Goal: The authors aim to answer three questions: how many facts the model forgets due to quantization; in which internal layers and neurons this loss occurs; and which step quantization disrupts in scenarios requiring the recall of a bridge entity followed by two-hop reasoning.

Key Insight: The paper shifts from black-box performance comparison to decomposing factual knowledge recall into two complementary perspectives: first-hop factual memory and knowledge neuron attribution on LRE, and latent multi-hop reasoning on TwoHop-Fact to observe bridge entity recall, output distribution consistency, and final answer accuracy.

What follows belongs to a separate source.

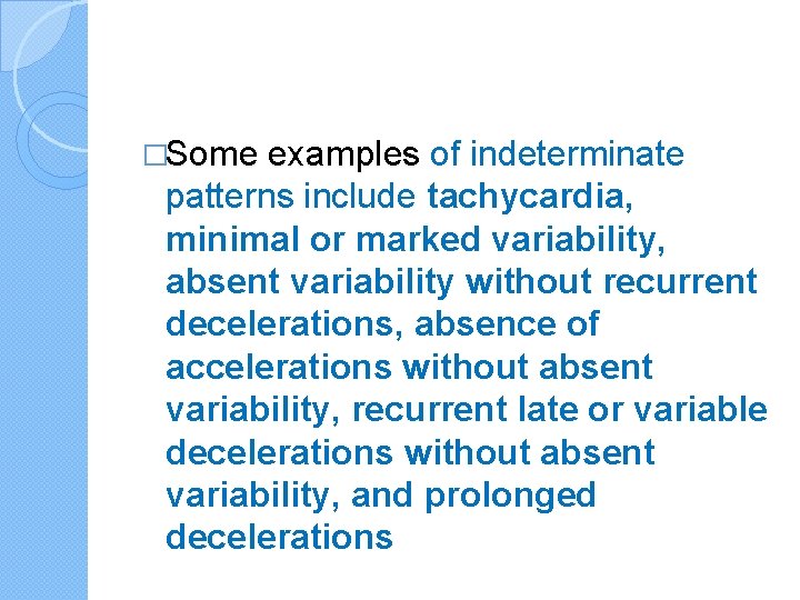 �Some examples of indeterminate patterns include tachycardia, minimal or marked variability, absent variability without recurrent decelerations, absence of accelerations without absent variability, recurrent late or variable decelerations without absent variability, and prolonged decelerations

Core Idea: Utilizing a three-layer evidence chain comprising "capability metrics + interpretability attribution + internal multi-hop paths" to determine if quantization truly damages the factual knowledge recall of LLMs, rather than solely relying on overall post-compression accuracy.

Method

The paper investigates post-training weight-only quantization (PTQ) without retraining the model or introducing new compression algorithms. It uses the full-precision model as a reference and subjects models with different quantization methods and bit-widths to the same diagnostic pipeline for factual knowledge recall.

Overall Architecture

The experiments follow two primary tracks. The first is knowledge memorization analysis: testing whether models can directly recall object entities in single-hop factual queries on the LRE dataset (e.g., generating the correct object given a subject-relation). Subsequently, knowledge neuron attribution methods are used to trace which neurons contribute most to the log-probability of the correct answer token and observe how these contributions change after quantization.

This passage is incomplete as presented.